» **Task**:
Reproduce from the records below, with no pictures, exactly the lines between the one containing "DeLaval OptiDuo™ er" and the one containing "Magnetic Adsorption Inverted", inclusive.

» **The data**:

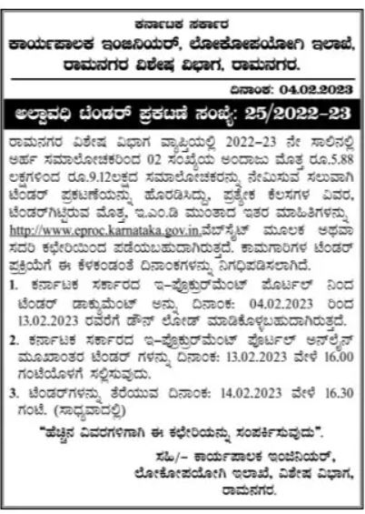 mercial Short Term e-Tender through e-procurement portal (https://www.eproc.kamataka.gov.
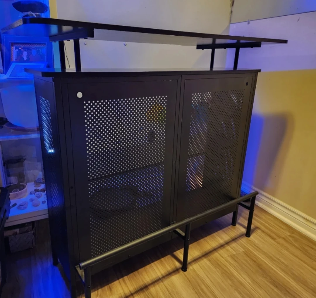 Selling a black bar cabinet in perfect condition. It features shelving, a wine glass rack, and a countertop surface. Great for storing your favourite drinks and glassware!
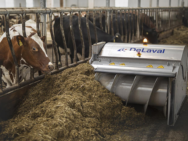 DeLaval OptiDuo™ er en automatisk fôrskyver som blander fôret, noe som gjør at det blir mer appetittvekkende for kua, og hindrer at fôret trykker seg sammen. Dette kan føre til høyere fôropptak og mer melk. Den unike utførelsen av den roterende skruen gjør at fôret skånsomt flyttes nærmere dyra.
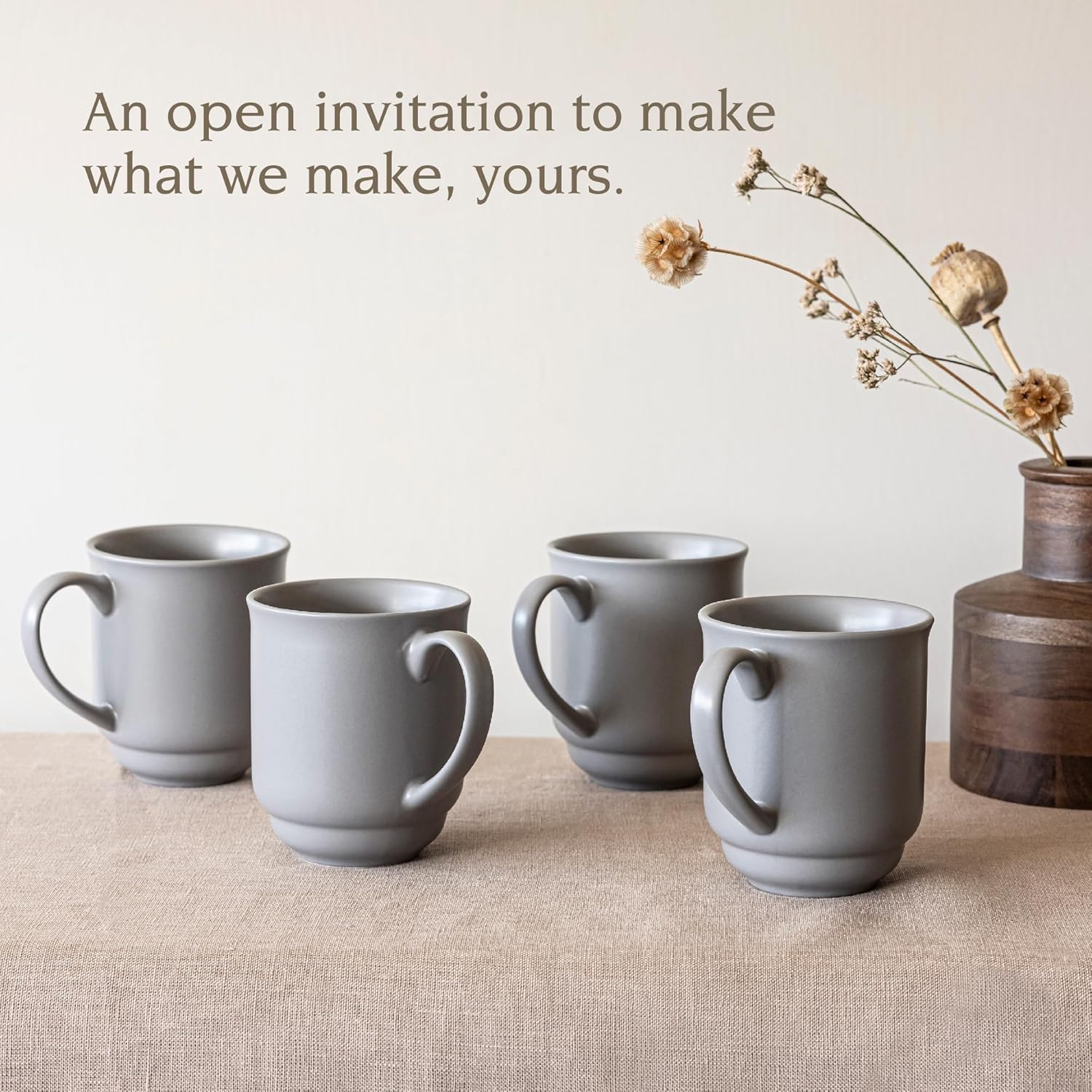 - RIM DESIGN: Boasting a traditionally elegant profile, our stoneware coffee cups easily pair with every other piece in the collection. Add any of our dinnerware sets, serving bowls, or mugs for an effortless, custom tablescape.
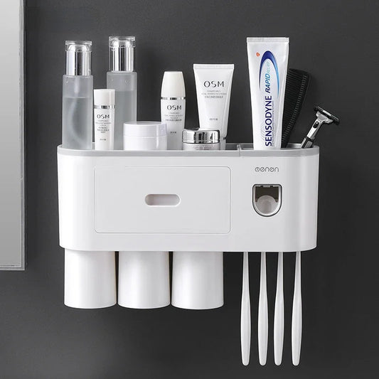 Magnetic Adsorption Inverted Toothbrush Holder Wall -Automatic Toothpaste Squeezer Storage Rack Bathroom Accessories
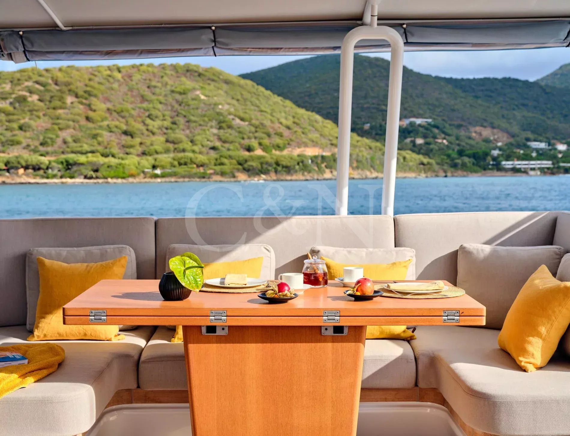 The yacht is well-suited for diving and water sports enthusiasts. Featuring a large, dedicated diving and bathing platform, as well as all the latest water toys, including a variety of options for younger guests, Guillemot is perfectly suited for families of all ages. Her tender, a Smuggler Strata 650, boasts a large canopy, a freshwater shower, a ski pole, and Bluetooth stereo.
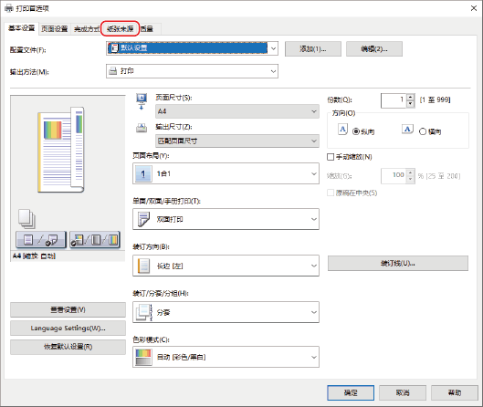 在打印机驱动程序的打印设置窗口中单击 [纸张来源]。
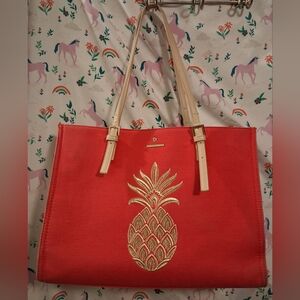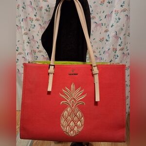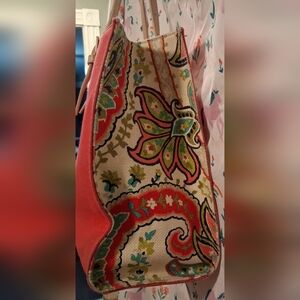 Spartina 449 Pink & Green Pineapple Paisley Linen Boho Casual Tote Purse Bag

...

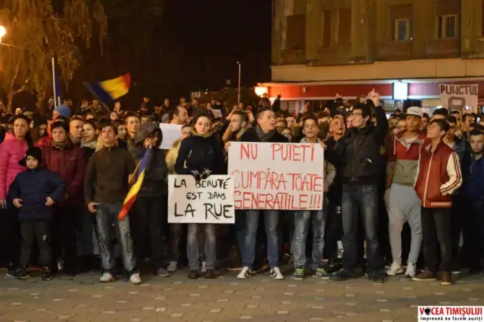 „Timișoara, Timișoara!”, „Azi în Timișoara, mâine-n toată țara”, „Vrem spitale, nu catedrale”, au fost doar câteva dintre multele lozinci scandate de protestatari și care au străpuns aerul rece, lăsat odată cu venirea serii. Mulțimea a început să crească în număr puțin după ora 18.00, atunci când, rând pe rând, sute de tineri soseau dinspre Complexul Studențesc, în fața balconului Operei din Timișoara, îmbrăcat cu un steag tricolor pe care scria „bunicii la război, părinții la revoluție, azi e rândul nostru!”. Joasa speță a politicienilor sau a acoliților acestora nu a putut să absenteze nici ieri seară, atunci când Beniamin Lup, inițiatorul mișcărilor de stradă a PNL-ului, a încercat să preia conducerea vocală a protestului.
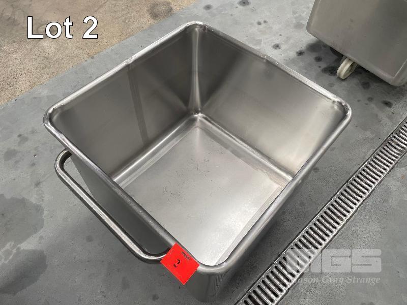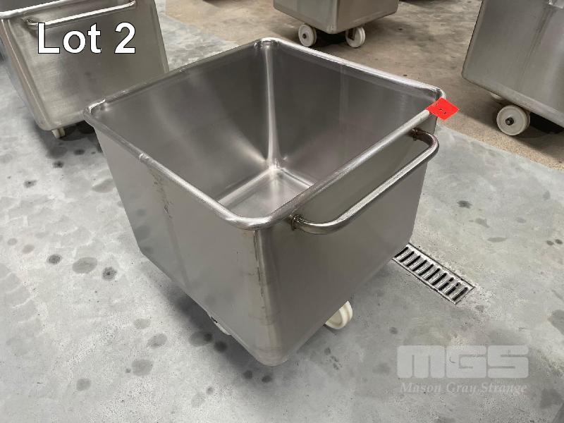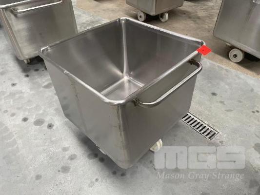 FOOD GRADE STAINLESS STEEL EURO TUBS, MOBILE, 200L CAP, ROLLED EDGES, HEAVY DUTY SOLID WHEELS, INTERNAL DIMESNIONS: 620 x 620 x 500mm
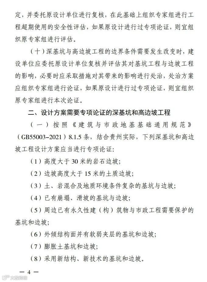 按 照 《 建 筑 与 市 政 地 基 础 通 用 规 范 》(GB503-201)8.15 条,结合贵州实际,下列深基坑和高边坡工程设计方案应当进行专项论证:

==

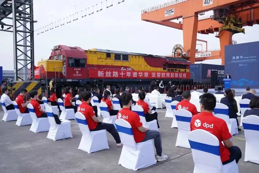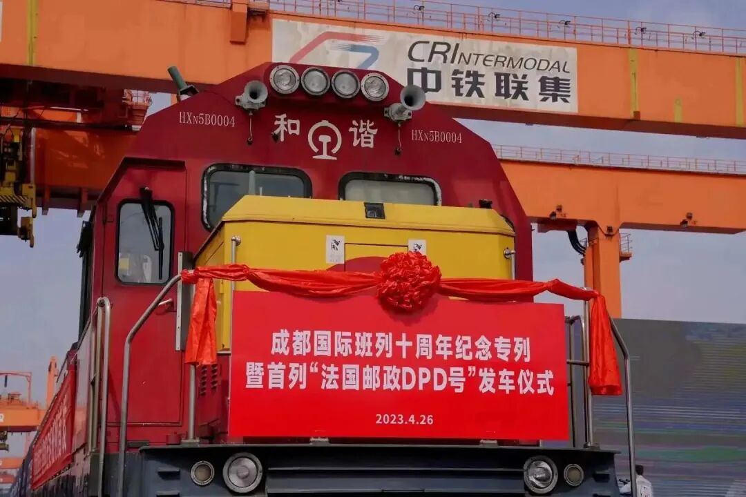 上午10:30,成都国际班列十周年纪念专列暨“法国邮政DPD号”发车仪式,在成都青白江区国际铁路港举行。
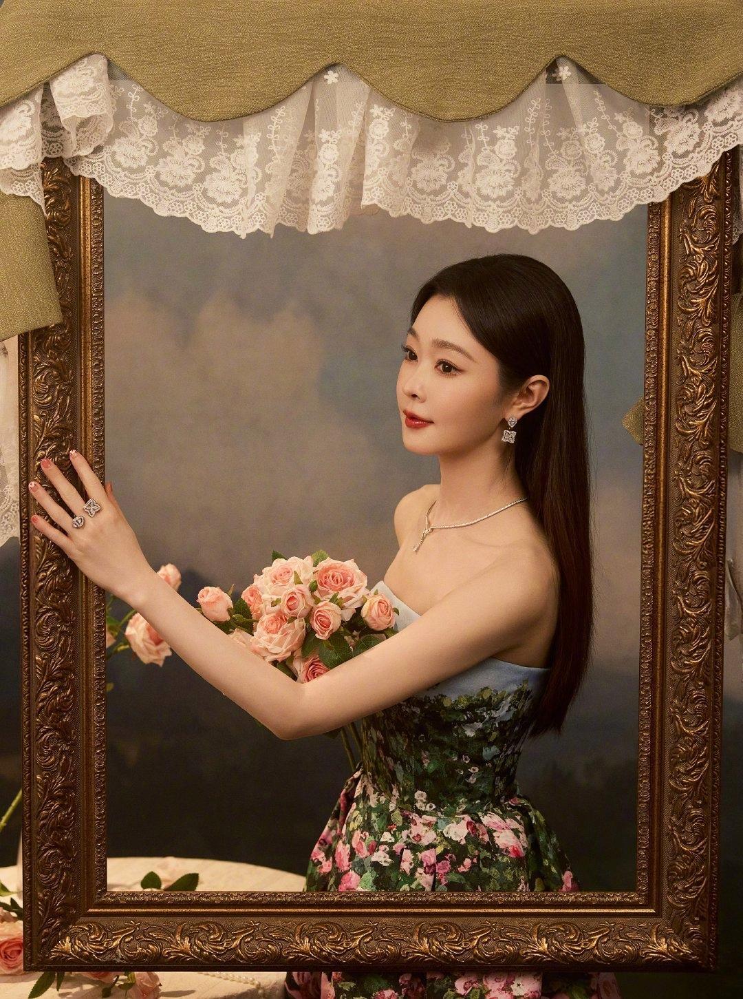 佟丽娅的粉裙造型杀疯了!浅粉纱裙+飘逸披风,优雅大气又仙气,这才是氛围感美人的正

» **Written response**:
 DeLaval OptiDuo™ er en automatisk fôrskyver som blander fôret, noe som gjør at det blir mer appetittvekkende for kua, og hindrer at fôret trykker seg sammen. Dette kan føre til høyere fôropptak og mer melk. Den unike utførelsen av den roterende skruen gjør at fôret skånsomt flyttes nærmere dyra.
 - RIM DESIGN: Boasting a traditionally elegant profile, our stoneware coffee cups easily pair with every other piece in the collection. Add any of our dinnerware sets, serving bowls, or mugs for an effortless, custom tablescape.
 Magnetic Adsorption Inverted Toothbrush Holder Wall -Automatic Toothpaste Squeezer Storage Rack Bathroom Accessories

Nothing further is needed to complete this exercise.